Write the data below out again, exactly as each line reads.

=== Dataset content ===
━━━━━━━━━━━━━━━━━━━━━━━━━━━━━━

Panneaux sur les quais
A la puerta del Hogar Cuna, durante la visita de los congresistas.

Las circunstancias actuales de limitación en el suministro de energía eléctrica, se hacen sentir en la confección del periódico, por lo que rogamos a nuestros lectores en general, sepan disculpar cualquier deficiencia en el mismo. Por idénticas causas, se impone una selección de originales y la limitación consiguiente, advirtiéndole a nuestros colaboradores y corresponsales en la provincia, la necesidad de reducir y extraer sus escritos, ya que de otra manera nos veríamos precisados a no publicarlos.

━━━━━━━━━━━━━━━━━━━━━━━━━━━━━━

=== Answer to this problem ===
Panneaux sur les quais
A la puerta del Hogar Cuna, durante la visita de los congresistas.

Las circunstancias actuales de limitación en el suministro de energía eléctrica, se hacen sentir en la confección del periódico, por lo que rogamos a nuestros lectores en general, sepan disculpar cualquier deficiencia en el mismo. Por idénticas causas, se impone una selección de originales y la limitación consiguiente, advirtiéndole a nuestros colaboradores y corresponsales en la provincia, la necesidad de reducir y extraer sus escritos, ya que de otra manera nos veríamos precisados a no publicarlos.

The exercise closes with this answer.